Evolvability: The model accounts for the evolution or learning of the ability it models. We need to show that not only can we model each stage of development, but that there is a progression in these models, i.e. that simple modifications take us from each stage to the next. In the case of addition we might show that developing arithmetic ability can be modelled by the gradual accumulation of program modules. We might also show how each of these modules might be automatically learnt.

Kinds of Research

We can investigate properties at several levels. We can look at inherent properties of a particular task, e.g. prove the undecidability of deduction. We can look at properties of a complete system, e.g. consider the naturalness of the dialogue conducted by a natural language understanding system. We can look at the properties of a particular technique, e.g. explore the ability of a machine learning algorithm to cope with noisy training data. We can look at a particular parameter within a technique, e.g. find the optimal mutation rate in a genetic algorithm.
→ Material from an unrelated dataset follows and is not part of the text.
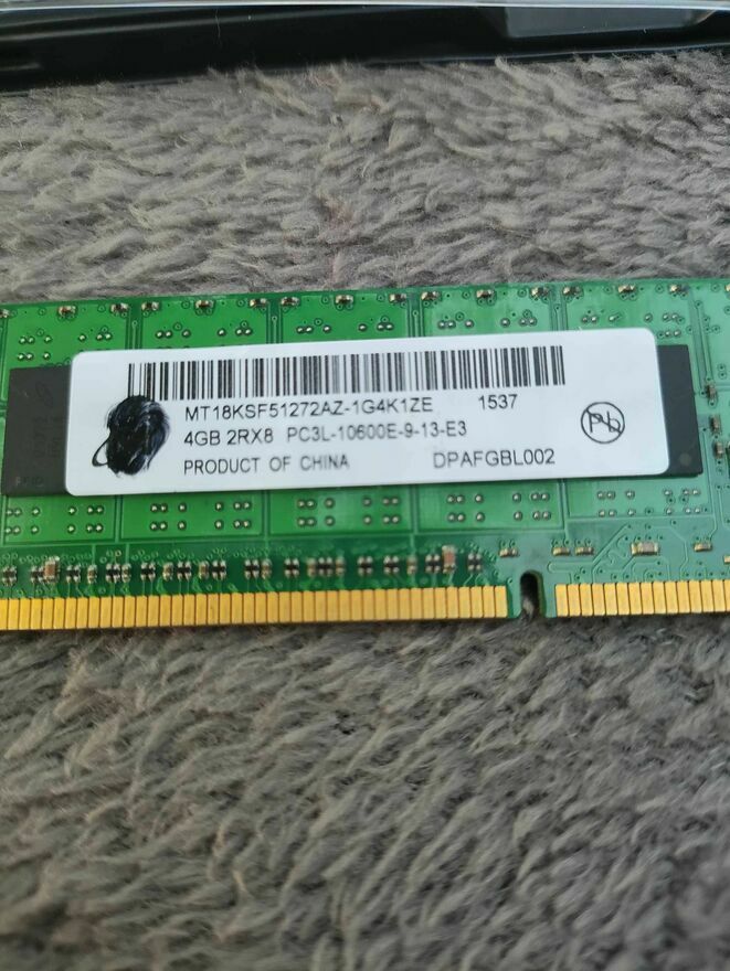 Pamięć RAM typu DDR3L o pojemności 4 GB, wyprodukowana przez firmę Micron.

Our investigations can be theoretical, e.g. use mathematical logic to prove the completeness of a deductive procedure. They can also be experimental, e.g. testing a robot on an assembly task. Experimental investigations often start in an exploratory mode, in which we try out a program in various situations and try to spot patterns. When we think we have seen a pattern we may switch to a hypothesis testing mode. In both modes statistical methods are useful. Visualisation techniques are good for exploration, e.g. histograms, scatter plots, summary statistics. Statistical measures of significance are good for hypothesis testing.

Sometimes we are interested in the properties of a particular task, system or technique. Sometimes we are interested in the relationships between two or more tasks, systems, techniques or parameters. Comparisons are usually made along one of the scientific, engineering or cognitive science dimensions. For instance, we may investigate which of two teaching strategies is most effective in an intelligent teaching system. This is a behavioural comparison. We may ask which parser can cope with a wider range of sentence types. This is a coverage comparison. We may ask which initial weight setting in a neural net leads to the quickest convergence. This is an efficiency comparison. We may also investigate trade-offs between the dimensions, e.g. how the quality of behaviour or efficiency degrades in certain parts of the range. We might try to detect and explain phase boundaries, where the value along some dimension changes suddenly rather than gradually.

In cognitive science, experimentation takes a different form. We are usually comparing a computational model with the natural system that it is modelling. Much of our experimental work is aimed at checking the range of behaviour, both external and internal, of the natural systems, across subjects and time, rather than those of the model. The experimental methodology is closer to psychology than it is to engineering.

The internal structure of techniques can also be compared. The outcome of such a comparison might be, for instance, to show that two apparently different techniques are essentially the same or that one is a special case of the other. For instance, semantic nets were initially introduced as a alternative to logical representations, but Schubert, Hayes and others have shown that they are just a graphical presentation of a subset of first order logic. Contrariwise, one might show that two or more different techniques might confusingly share the same name. For instance, the name 'back propagation' is overused and refers to at least two distinct techniques.

Theoretical Research

Theoretical research can be conducted either into the nature of a task, the techniques for doing that task, or the parameters of some technique. Complete systems are usually too complicated to yield to theoretical analysis, so their analysis requires experimentation. Theory usually uses mathematical tools. Typical properties checked are correctness, completeness, termination and complexity. For instance, theoretical research into the task of a robot grasping objects might start by using a combination of geometry and mechanics to investigate: optimal places and forces to hold an object; optimal trajectories for a robot hand/arm to traverse; required accuracies in motors and joints for acceptable error rates; etc. This theoretical analysis might then be used to design and evaluate an actual robot arm and its software. We might predict that the robot's behaviour would be of sufficiently high quality in terms of its success rate and accuracy. We might also predict its coverage by showing which type of object grasping problems it could and could not be expected to deal with.

Of course, we will eventually have to show that these theoretical predictions are borne out in practice by building and testing the robot. Theoretical analysis nearly always requires some simplifying assumptions or abstractions. If these assumptions turn out to be false then the theoretical results may be invalid. Experiment may reveal this and suggest a more refined theoretical analysis.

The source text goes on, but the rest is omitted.